Written by Richard Nuttall
Published on January 27, 2014

With an aging population and decreasing pension benefits, it is only to be expected that some people are being forced to work longer to cope with the rising costs of living.

For many, this may mean working past their State Pension age, and with this currently being on a tiered scale, rising up to 68 depending upon your date of birth, you can check your state pension here.

For many employees, who in the past decided to work past State Pension age, they would have received an Age Exception Certificate (CA4140) from HMRC. This would have then been passed to their employer and confirmed that the employees’ liability to Class 1 (primary) National Insurance Contributions has stopped.
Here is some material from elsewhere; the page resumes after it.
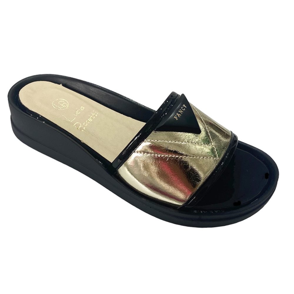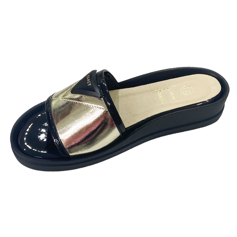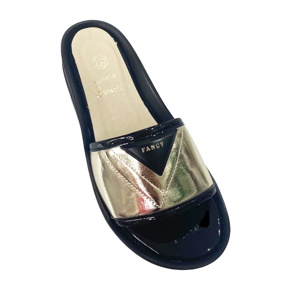 Lucia Bosetti fekete-arany bőr papucs
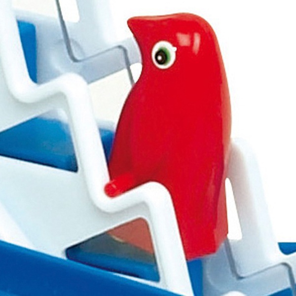 Spannendes Spiel, in dem 3 Pinguin-Figuren nach oben transportiert werden und danach schnell die spiralenförmige Bahn hinunterrutschen

However, recently HMRC have stopped issuing these certificates to employees, instead preferring that they present their employer with their birth certificate of passport to confirm their date of birth, and the employer retain a copy of this document.

In situations whereby employees are not forthcoming with either their birth certificate of passport, it is still possible for the employee to contact HMRC who will issue a letter confirming they have reached State Pension age.

National Insurance Contributions and Employer Office
Individuals Caseworker
Benton Park View
Newcastle upon Tyne
NE98 1ZZ

Unfortunately, the liability for employers doesn’t stop when an employee reaches State Pension age, and instead the employer pays standard National Insurance Contributions.